== Requirement ==
Your answer must consist of exactly the lines below, starting with the line with "現在、新築住宅には『瑕疵担保" and going on through the line with "Pouff o mesa", and nothing else.

== Listed records ==
++++++++++++++++++++

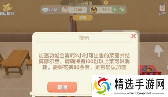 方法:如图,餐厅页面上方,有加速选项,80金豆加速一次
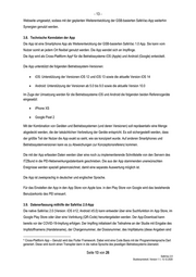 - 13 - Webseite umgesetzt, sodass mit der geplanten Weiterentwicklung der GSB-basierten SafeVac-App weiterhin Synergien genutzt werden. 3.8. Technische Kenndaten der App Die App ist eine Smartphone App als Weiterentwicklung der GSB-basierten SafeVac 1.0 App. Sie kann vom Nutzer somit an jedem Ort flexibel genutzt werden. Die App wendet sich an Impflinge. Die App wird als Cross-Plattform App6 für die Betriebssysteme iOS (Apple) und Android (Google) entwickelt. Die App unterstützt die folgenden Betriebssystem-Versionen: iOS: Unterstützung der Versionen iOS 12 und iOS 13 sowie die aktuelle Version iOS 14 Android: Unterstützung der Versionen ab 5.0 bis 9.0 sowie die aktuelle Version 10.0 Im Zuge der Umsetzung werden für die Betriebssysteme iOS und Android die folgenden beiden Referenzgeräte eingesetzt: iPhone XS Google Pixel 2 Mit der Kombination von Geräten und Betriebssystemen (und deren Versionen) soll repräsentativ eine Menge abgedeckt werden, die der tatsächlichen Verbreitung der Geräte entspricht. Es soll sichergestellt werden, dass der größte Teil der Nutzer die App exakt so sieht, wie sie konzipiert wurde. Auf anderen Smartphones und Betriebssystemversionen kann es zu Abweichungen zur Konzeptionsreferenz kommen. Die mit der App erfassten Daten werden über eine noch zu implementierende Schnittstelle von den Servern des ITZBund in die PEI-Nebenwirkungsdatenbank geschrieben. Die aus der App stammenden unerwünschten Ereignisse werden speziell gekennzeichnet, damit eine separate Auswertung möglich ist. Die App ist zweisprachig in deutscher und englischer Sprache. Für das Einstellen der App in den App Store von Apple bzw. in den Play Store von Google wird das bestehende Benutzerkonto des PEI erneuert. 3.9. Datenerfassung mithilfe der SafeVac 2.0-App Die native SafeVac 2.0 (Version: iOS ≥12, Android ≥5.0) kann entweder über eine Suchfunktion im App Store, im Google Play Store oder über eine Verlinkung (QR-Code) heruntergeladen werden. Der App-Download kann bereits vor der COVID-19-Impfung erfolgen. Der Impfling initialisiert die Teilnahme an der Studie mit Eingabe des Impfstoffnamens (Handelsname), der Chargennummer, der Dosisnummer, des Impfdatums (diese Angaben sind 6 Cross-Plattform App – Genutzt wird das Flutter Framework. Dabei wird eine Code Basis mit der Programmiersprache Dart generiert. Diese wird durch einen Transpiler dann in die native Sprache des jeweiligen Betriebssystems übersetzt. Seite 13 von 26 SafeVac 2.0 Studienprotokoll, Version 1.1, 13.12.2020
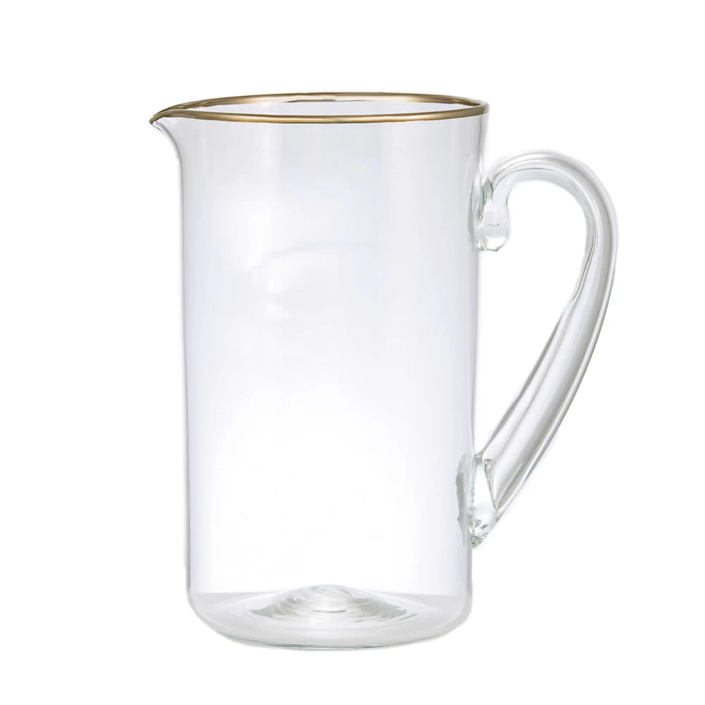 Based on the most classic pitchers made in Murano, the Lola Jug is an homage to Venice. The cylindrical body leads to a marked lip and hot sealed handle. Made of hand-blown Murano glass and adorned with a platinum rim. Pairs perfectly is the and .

++++++++++++++++++++

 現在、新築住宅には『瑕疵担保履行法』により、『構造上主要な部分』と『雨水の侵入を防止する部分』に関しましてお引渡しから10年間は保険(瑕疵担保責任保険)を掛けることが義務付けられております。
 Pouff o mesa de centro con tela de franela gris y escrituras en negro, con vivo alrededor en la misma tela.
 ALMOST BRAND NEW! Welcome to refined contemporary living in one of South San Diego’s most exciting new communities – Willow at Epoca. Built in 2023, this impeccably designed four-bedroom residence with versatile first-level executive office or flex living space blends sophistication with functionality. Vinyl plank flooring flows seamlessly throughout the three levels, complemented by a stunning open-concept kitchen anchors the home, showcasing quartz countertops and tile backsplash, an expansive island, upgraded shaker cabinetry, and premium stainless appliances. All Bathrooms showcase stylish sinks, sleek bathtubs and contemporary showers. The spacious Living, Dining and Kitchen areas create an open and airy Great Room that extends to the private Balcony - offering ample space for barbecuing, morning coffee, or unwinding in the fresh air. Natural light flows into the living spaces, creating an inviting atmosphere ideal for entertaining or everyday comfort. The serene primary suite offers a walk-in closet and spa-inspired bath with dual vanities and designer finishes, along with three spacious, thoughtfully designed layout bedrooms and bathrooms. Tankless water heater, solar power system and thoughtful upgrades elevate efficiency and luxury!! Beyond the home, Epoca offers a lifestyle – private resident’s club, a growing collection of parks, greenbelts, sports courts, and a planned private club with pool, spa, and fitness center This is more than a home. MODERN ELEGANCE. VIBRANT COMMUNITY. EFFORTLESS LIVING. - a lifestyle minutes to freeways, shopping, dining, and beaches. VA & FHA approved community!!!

++++++++++++++++++++

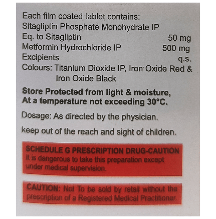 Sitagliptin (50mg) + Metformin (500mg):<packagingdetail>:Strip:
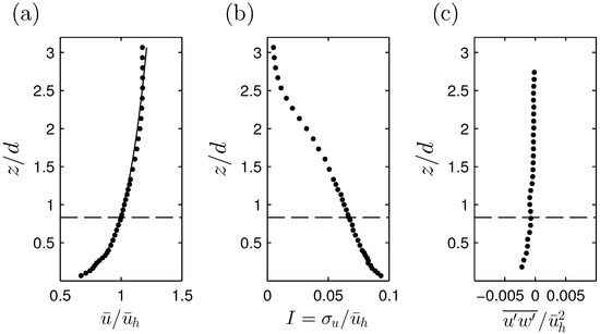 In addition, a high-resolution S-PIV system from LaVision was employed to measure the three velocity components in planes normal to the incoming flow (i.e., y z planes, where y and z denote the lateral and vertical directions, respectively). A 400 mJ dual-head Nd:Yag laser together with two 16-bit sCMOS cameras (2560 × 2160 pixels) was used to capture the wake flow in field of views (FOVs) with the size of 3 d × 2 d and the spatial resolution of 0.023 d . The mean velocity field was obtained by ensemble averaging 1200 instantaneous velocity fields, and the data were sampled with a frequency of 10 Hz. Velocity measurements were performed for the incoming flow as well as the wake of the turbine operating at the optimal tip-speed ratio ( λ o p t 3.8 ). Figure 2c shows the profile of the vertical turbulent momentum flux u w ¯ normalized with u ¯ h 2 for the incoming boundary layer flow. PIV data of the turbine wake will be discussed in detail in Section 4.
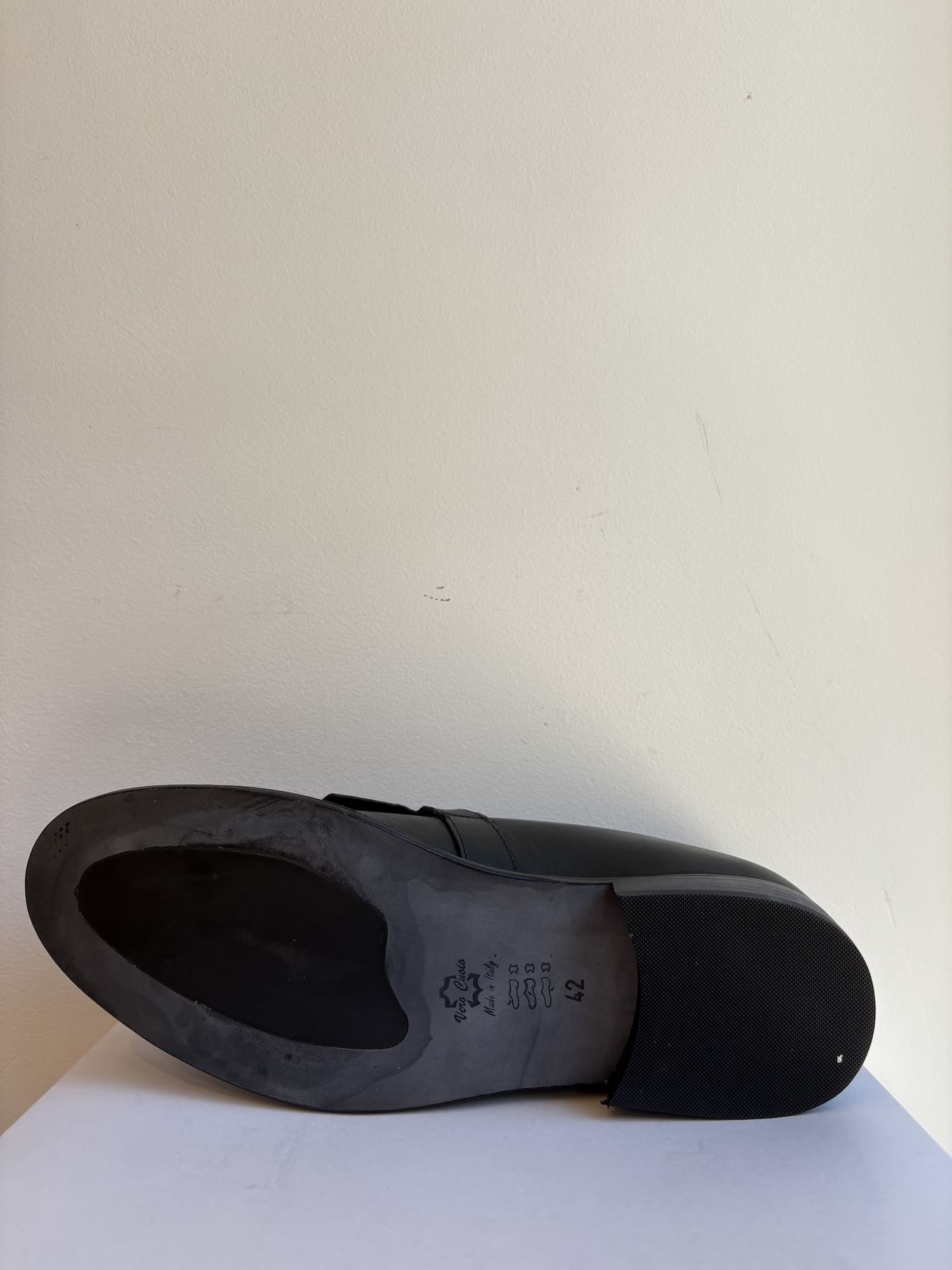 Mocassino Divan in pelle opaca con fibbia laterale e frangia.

++++++++++++++++++++

== Exercise output ==
 現在、新築住宅には『瑕疵担保履行法』により、『構造上主要な部分』と『雨水の侵入を防止する部分』に関しましてお引渡しから10年間は保険(瑕疵担保責任保険)を掛けることが義務付けられております。
 Pouff o mesa de centro con tela de franela gris y escrituras en negro, con vivo alrededor en la misma tela.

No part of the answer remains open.